In the above, the motor 9 is set at 600 r / mi during washing.
n, that is, the rotation of the rotor 5 is repeated at 100 r / min for 2 seconds on and 1 second off, and the start-up control is set to 0.
This is an example showing a case where the rotation is performed for 6 seconds. In this example, the rotation of the motor 9 is controlled in the same manner even during the drying, and the rotation speed of the motor 9 is set to 900 r / m in step 101.
By setting “in” and changing the time of step 112 and step 113, the rotor 5 can be turned on for 0.4 seconds on and off for 2.6 seconds.
The determination as to whether or not to end the process may be made to determine whether or not the drying time while rotating the rotor 5 has ended.

FIG. 7 is a flowchart of a rotational speed feedback control subroutine of the motor 9, and FIG.
At 20, the time until the state of any of the signals of the position detecting means 30a, 30b, 30c changes, that is, the motor 9
Is detected, and in step 121, the rotation cycle data is converted into rotation number data.

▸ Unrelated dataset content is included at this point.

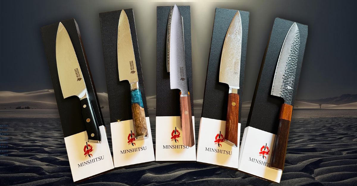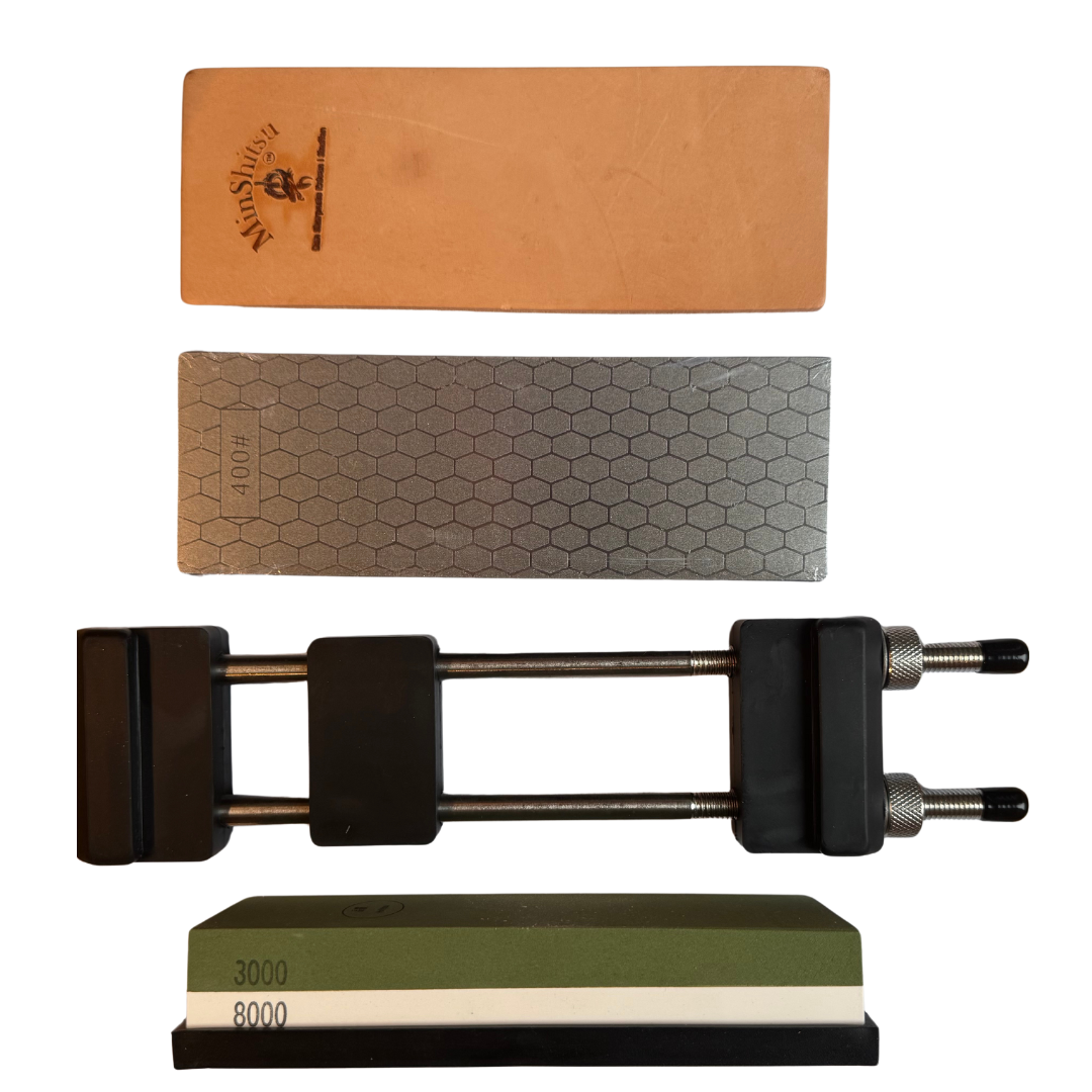 MinShitsu kombinasjonssett kombinerer diamantstein (400/1000 grit) for grovsliping med aluminiumoksid for finere sliping, avsluttet med lær for polering. For maksimal skarphet kan 3k eller 8k slipesteiner brukes til siste finish, og gir presise, sylskarpe kniver hver gang

Then, in step 122, the change amount ΔN of the rotation speed is calculated, and in step 123, the deviation Ne between the set rotation speed Ns and the current rotation speed Nai is calculated.

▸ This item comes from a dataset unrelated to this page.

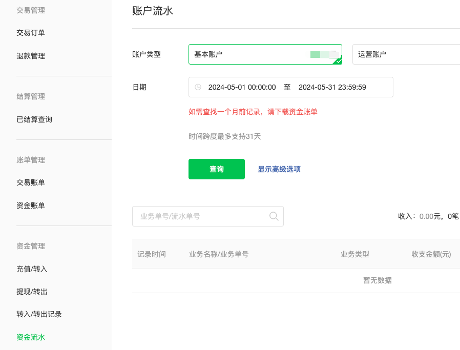 2、资金流水查询时间可以优化一下日期范围,可视化界面列表看比较直观一些。

In step 124, the variation ΔN and the deviation Ne
, The operation amount ΔDx of the energization ratio of the switching elements 32a, 32c, 32e is determined. And step 12
In step 5, the drive circuit 31 is driven so that the energization ratio of the currently output switching elements 32a, 32c, 32e is operated by ΔDx so that the rotation speed of the motor 9 becomes the set rotation speed.

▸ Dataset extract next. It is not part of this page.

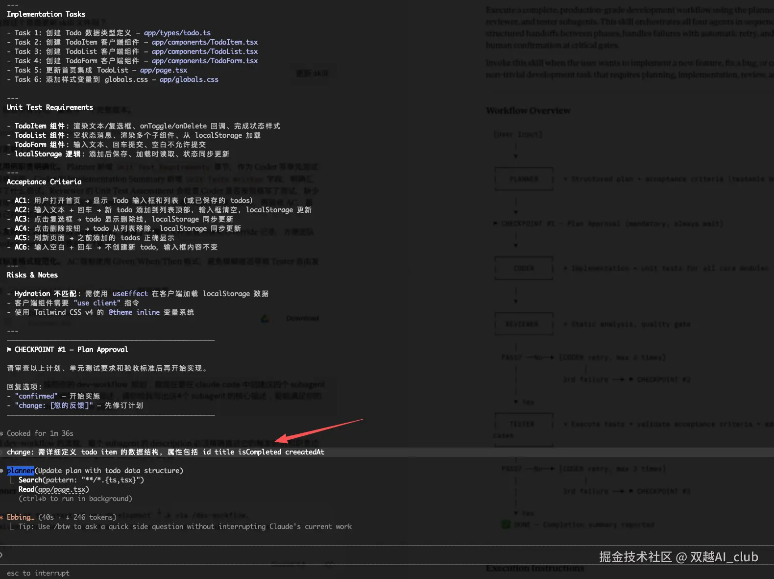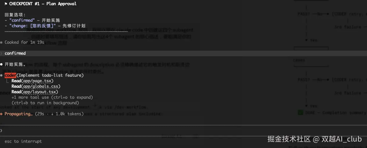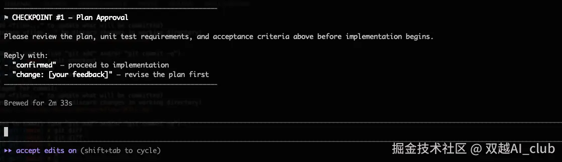 修改完成以后,Checkpoint2 再停止,用户检查,这次没问题了。我手动回复 confirmed

As shown in FIG. 8, the operation display unit 23 includes a water level setting switch 25a, a washing time setting switch 25b,
Input setting means 25 such as a rinse number setting switch 25c, a dehydration time setting switch 25d, a drying time setting switch 25e, a start / pause switch 25f, a course setting switch 25g, a power on / off switch 25h, a water level display section 26a, Time display section 26b, rinse number display section 26c, dehydration time display section 26d, drying time display section 26
e, display means 26 such as a remaining time display section 26f and a course display section 26g.

The operation of the above configuration will be described. First,
The washing process will be described with reference to FIG. When the clothes 37, detergent, etc. are put into the inner tank 4 and the operation is started,
The water supply valve 20 is driven by the control device 22, water is supplied until the water level detected by the water level detection means 21 reaches a predetermined water level, and the motor 9 is driven to rotate the inner tank 4. At this time, the drain valve 18 and the switching valve 19 are closed.

As a result, the outer peripheral portion of the water in the inner tank 4 rises due to the centrifugal force. Along with this, the water between the inner tank 4 and the outer tank 3 rises along the inner wall of the outer tank 3, and then the inner tank 4
Is sprayed into the inner tank 4 from the upper part and circulates.
As a result, the water containing the detergent passes through the clothes 37 in the inner tank 4 and is washed.

Thereafter, the drain valve 18 is opened to drain the water, water is supplied again, and the clothes are rinsed in the same manner as in the washing step. In the dehydration step, the inner tub 4 containing the clothes 37 is rotated at a high speed. Due to the centrifugal force generated, the clothes 37
Is pressed against the inner wall of the inner tank 4, and the moisture is separated from the clothes 37 by this centrifugal force and dehydrated.

In the drying process, with the switching valve 19 opened, the hot air that has dried into the inner tank 4 through the upper bellows-shaped hose 14 and the hot air jet hole 16 is generated by the blowing of the drying blower 12 and the heat generated by the heater 13. Sent in.

At this time, the garment 37 is rotating together with the inner tub 4 due to the rotation of the inner tub 4, being flipped up or down by the left and right rotation of the rotary wing 5, and then falling. The warm air sent into the outer tub 4 draws moisture from the garment when passing through the gaps of the movement of the garment, and exits from the inner tub 4 to the inside of the outer tub 3 in a wet state. And passes through the switching valve 19 to reach the circulation duct 11. This flow is indicated by arrows in FIG.

When warm air containing moisture passes through the inner wall of the outer tub 3 and the inside of the circulation duct 11, the outer wall of the outer tub 3 and the circulation duct 11 are cooled by the inflow of external air by the cooling blower 17. As a result, the moisture of the humid air is condensed on the inner wall, and the humid warm air is dehumidified, and the
Return to. The moisture condensed on the inner wall of the outer tank 3 is transferred to the switching valve 19.
And is appropriately discharged from the drain port 38 together with moisture condensed on the inner wall of the circulation duct 11. Then, after the drying process is completed, a blowing process for driving the drying blower 12 and the cooling blower 17 is performed, and then the process ends.

The control method of the motor 9 by the control means 24 and the rotation control means 29 in the drying process will be described with reference to FIG.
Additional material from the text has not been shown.